Supplied data:
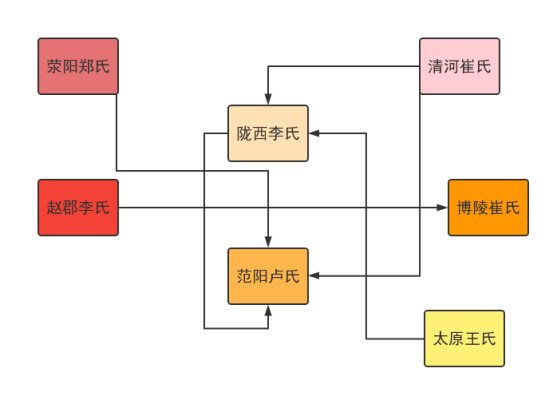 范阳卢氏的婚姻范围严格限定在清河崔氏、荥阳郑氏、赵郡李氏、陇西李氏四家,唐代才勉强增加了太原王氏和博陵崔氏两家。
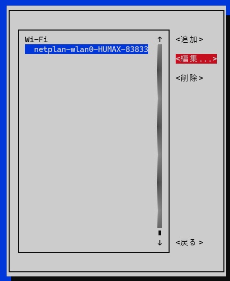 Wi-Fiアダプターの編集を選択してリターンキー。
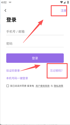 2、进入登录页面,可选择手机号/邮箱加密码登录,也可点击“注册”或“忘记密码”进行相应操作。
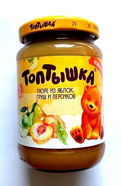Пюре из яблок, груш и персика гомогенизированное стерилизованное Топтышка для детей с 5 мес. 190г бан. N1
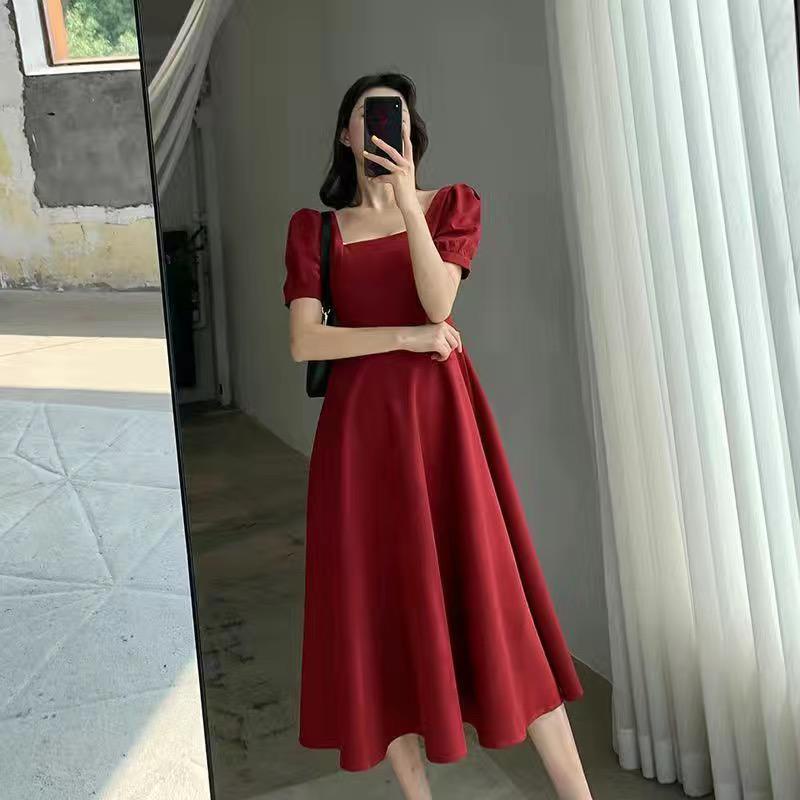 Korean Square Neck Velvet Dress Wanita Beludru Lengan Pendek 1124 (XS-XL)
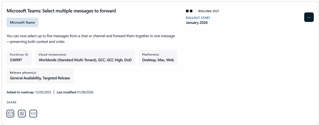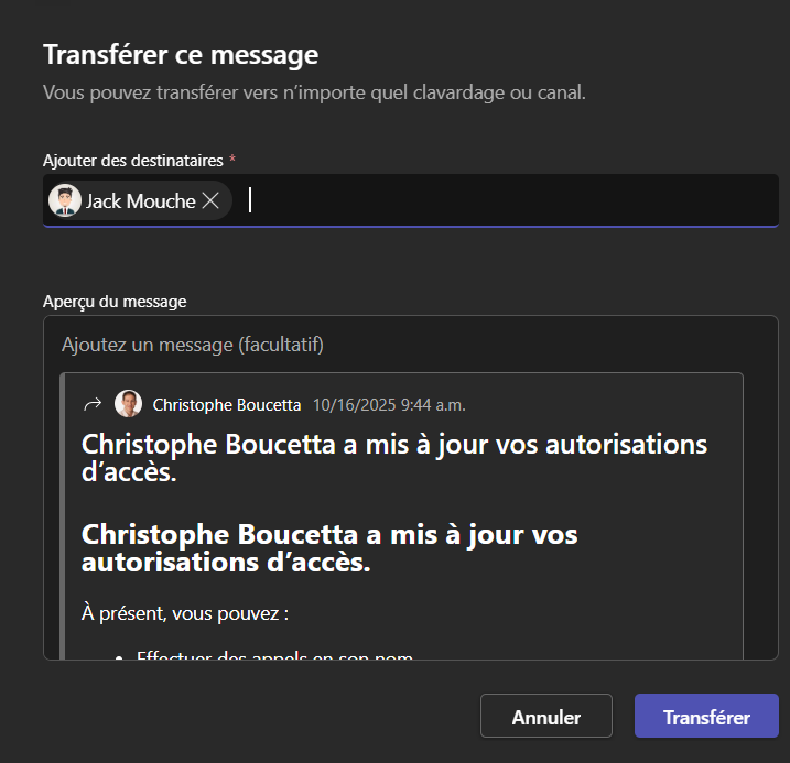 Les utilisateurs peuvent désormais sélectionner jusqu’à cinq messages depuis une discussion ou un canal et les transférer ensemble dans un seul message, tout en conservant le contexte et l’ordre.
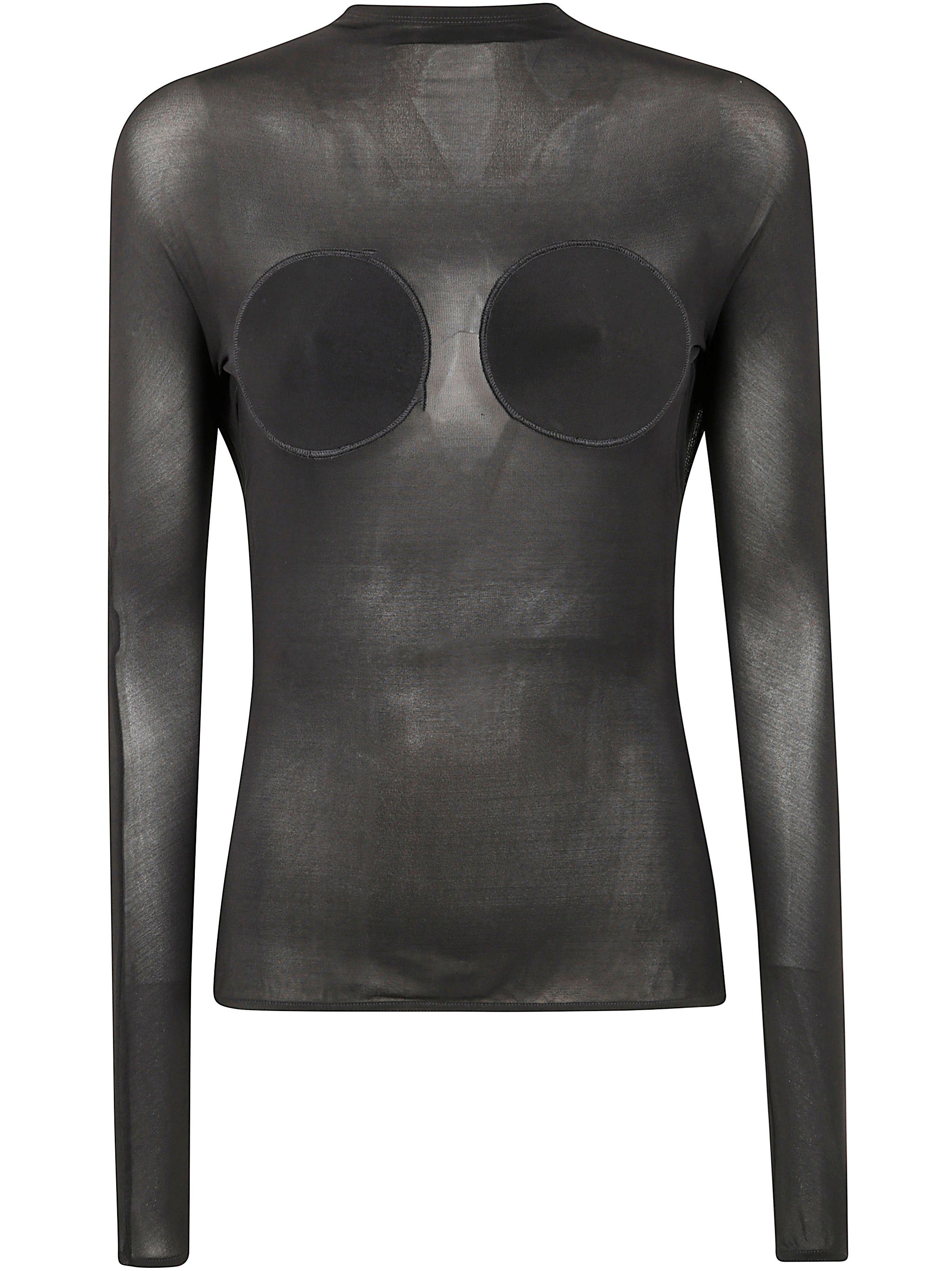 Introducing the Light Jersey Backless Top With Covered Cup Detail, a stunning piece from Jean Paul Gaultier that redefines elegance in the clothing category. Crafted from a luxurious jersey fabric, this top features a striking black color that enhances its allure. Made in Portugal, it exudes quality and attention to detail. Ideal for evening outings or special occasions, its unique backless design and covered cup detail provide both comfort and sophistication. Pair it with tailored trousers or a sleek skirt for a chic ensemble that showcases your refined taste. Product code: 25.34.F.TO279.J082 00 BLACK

* * *

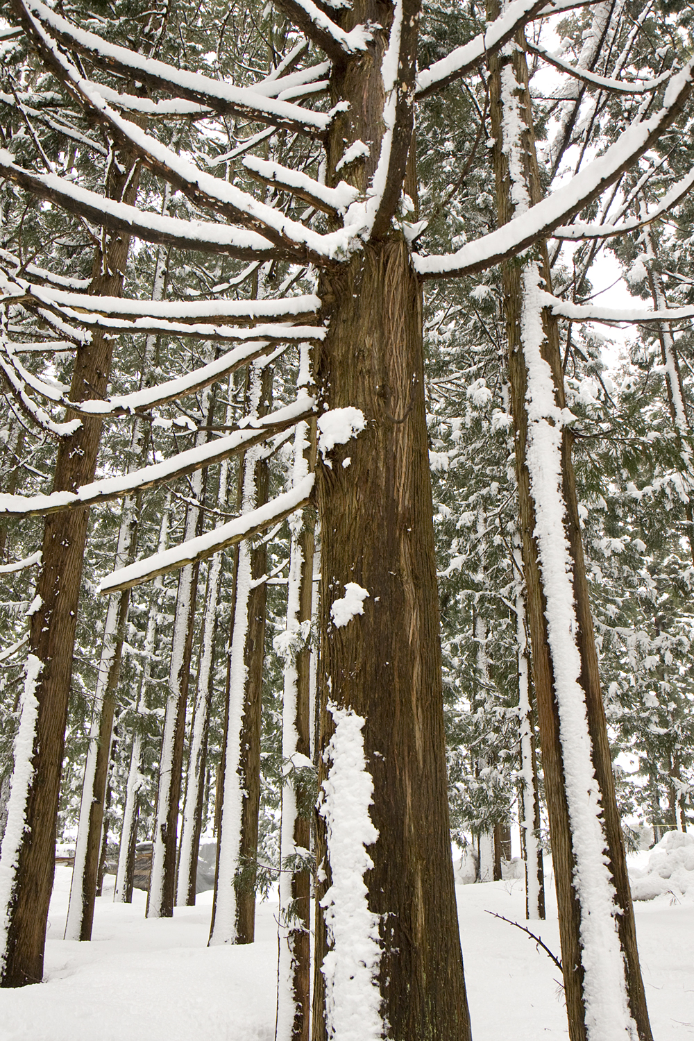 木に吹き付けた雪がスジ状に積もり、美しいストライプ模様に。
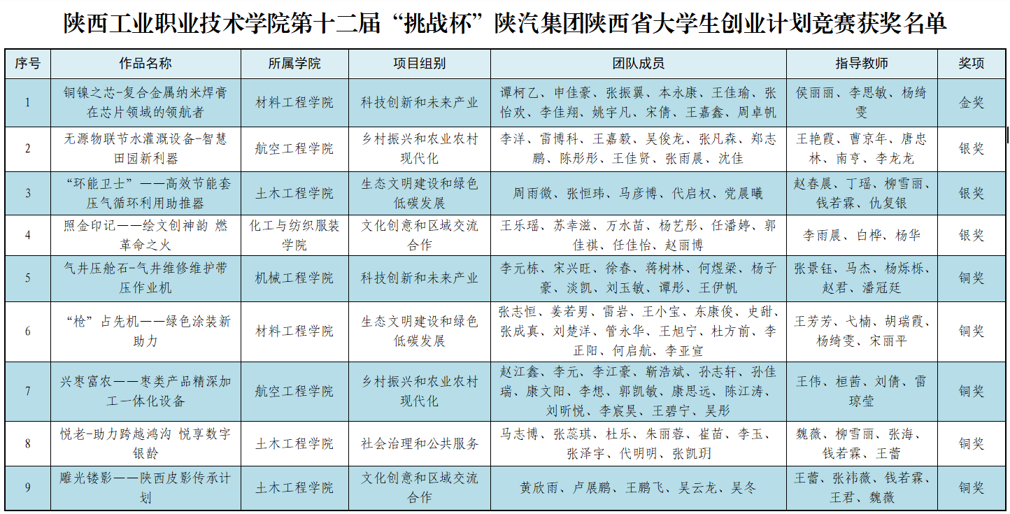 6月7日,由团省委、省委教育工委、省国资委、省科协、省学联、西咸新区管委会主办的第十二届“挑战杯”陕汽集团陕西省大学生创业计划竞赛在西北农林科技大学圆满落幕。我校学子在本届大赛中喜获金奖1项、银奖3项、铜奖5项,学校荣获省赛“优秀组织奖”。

Problem requirements:
The response must repeat exactly the lines above from the one with "范阳卢氏的婚姻范围严格限定在" through the one with "Korean Square Neck", including both, and must contain no pictures and no other text.

Solution to the exercise:
 范阳卢氏的婚姻范围严格限定在清河崔氏、荥阳郑氏、赵郡李氏、陇西李氏四家,唐代才勉强增加了太原王氏和博陵崔氏两家。
 Wi-Fiアダプターの編集を選択してリターンキー。
 2、进入登录页面,可选择手机号/邮箱加密码登录,也可点击“注册”或“忘记密码”进行相应操作。
Пюре из яблок, груш и персика гомогенизированное стерилизованное Топтышка для детей с 5 мес. 190г бан. N1
 Korean Square Neck Velvet Dress Wanita Beludru Lengan Pendek 1124 (XS-XL)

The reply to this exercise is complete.